When the animated short aired during an episode of The Howdy Doody Show, Clokey became a pioneer of TV animation as well, leading to The Gumby Show in 1957.

Although Gumby was a decent character who struggled to do right in the face of strange adversaries and wild antics, Clokey still dreamed of using film to promote a Christian ethos. Then, in the late 1950s, Lutheran churches suggested such a series. This culminated in the somewhat hokey puppet animation series Davey and Goliath, in which Davey wrestles with ethical and moral issues, assisted by his talking dog Goliath. If seen at all today, the characters are often given a heavy satirical treatment. (In one Simpsons episode, a puppet animation show called Gravey and Jobriath has an ersatz Davey gearing up to bomb an abortion clinic, for instance.) But the show did deal with complicated issues, including racism, religious intolerance and mortality. Even in today's ironic age, it harks back to when children were more innocent and religion was somehow less shrill. What's more, the techniques pioneered by the show were later adopted by the technicians of Rankin-Bass, creators of the TV special Rudolph The Red-Nosed Reindeer.

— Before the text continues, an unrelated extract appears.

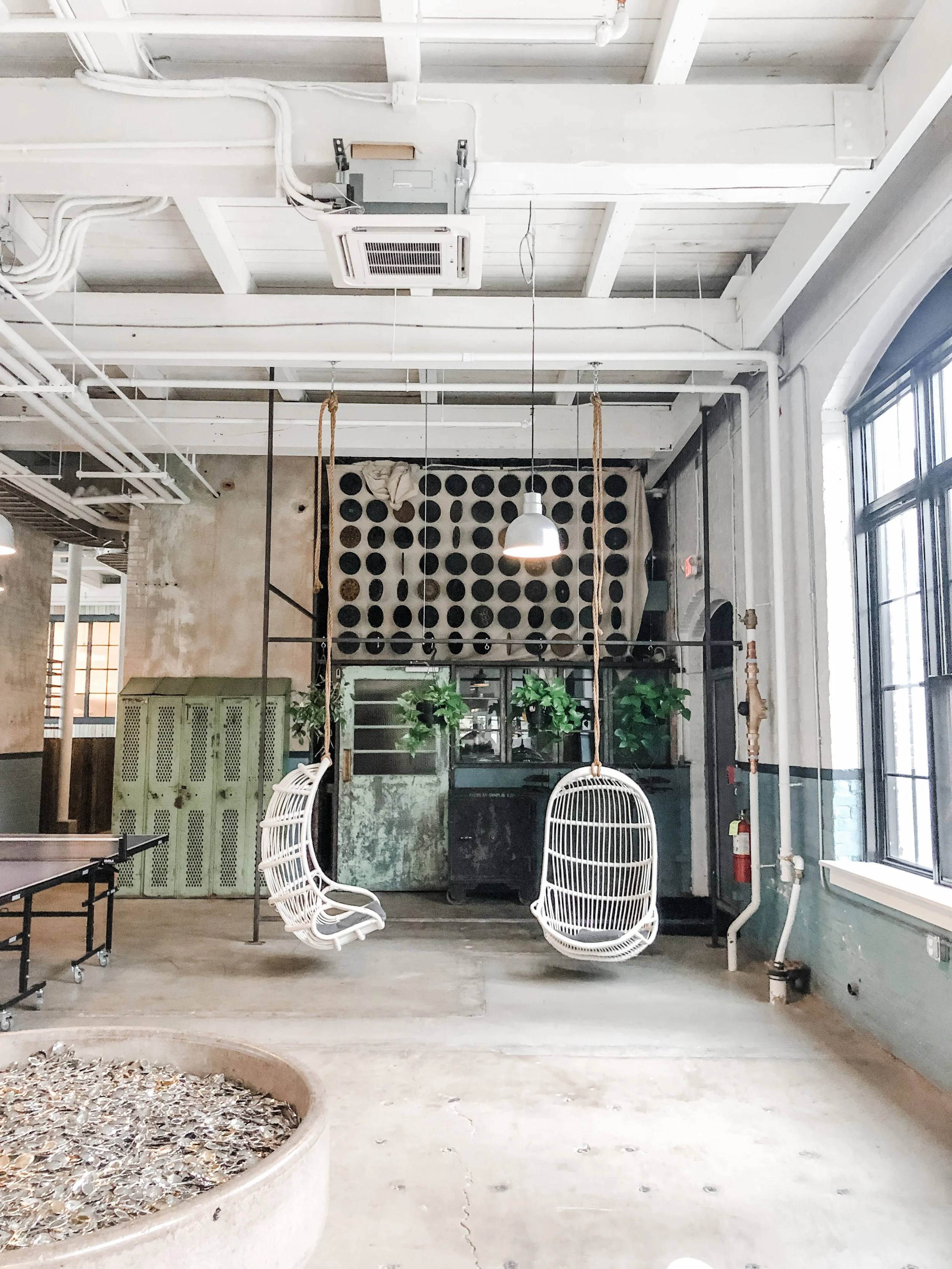 Our girl Lashana Burley, of Jamal & Lashana Photography, loving the hanging chairs at Rooms & Works!

In addition to The Gumby Show and Davey and Goliath, animation jobs just kept coming Clokey's way, ranging from stop-motion commercials to animated title sequences for major films (1965's Dr. Goldfoot and the Bikini Machine and How to Stuff a Wild Bikini, among others). Meanwhile Gumby had become an enormously popular flexible toy. Still, by the late 1960s, it seemed Clokey's glory days had passed, his television work seen mostly in reruns at odd hours.

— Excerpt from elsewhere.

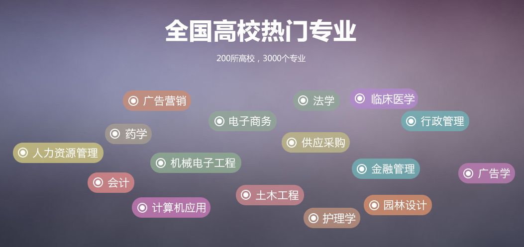 (高起专)学前教育,会计,护理,工商企业管理,市场营销,行政管理,小学教育,人力资源管理,药学,法律事务,建筑工程技术,汽车检测与维修技术,旅游管理,计算机应用技术,电子商务,临床医学,机电一体化技术,财务管理,工程造价,电气自动化技术,建设工程管理,烹调工艺与营养,计算机信息管理,汽车运用与维修技术,汉语,医学检验技术等

Then, in the early 1980s, Eddie Murphy's skits on SNL brought Gumby back into the spotlight. Casting the kindly green naf as a cigar-chomping, foul-mouthed rascal, Murphy roared, "I'm Gumby, damnit!" Though Clokey didn't completely approve, the cultural reference resonated, bringing newfound attention for the little green man. Soon, Gumby dolls were back on shelves, and Clokey found backing for fresh ventures.

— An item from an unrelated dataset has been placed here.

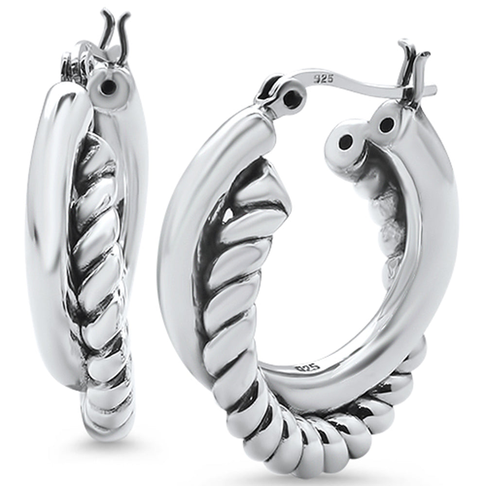 Plain Twisted Hoop Huggie .925 Sterling Silver Earrings 33MM
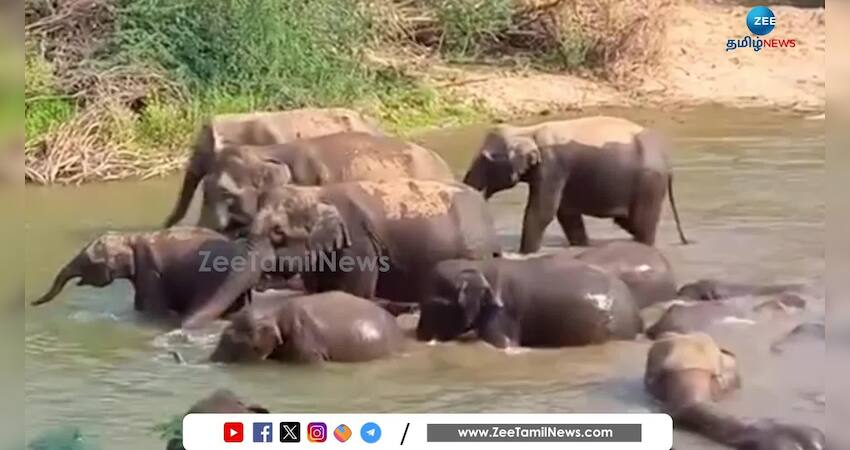 கிருஷ்ணகிரி மாவட்டம் ஓசூர் அடுத்த தேன்கனிக்கோட்டை அருகே சுமார் 50க்கும் மேற்பட்ட யானைகள் முகாமிட்டுள்ள நிலையில், நீர்நிலையில் ஆனந்த குளியல் போட்ட 10 க்கும் மேற்பட்ட யானைகள்.

Starting in 1988, Clokey directed almost 100 episodes of Gumby Adventures for TV over the next 14 years, and made Gumby: The Movie in 1995. Clokey broke no new ground artistically or thematically, but — much like his adoptive father and his old USC film teacher — he seized the chance to take a new generation of animators under his wing. More than half the animators who worked on Tim Burton's the Nightmare Before Christmas (1993) had labored on Gumby productions under Clokey's guidance. His disciples worked on classic stop-motion productions, including James and the Giant Peach and Monkeybone, and many would go on to work for Pixar, Disney and other computer animation studios, and on such projects as Toy Story, The Incredibles, Corpse Bride and Coraline. Onetime Clokey animator Timothy Hittle, for instance, created the animated sequences for The Life Aquatic with Steve Zissou.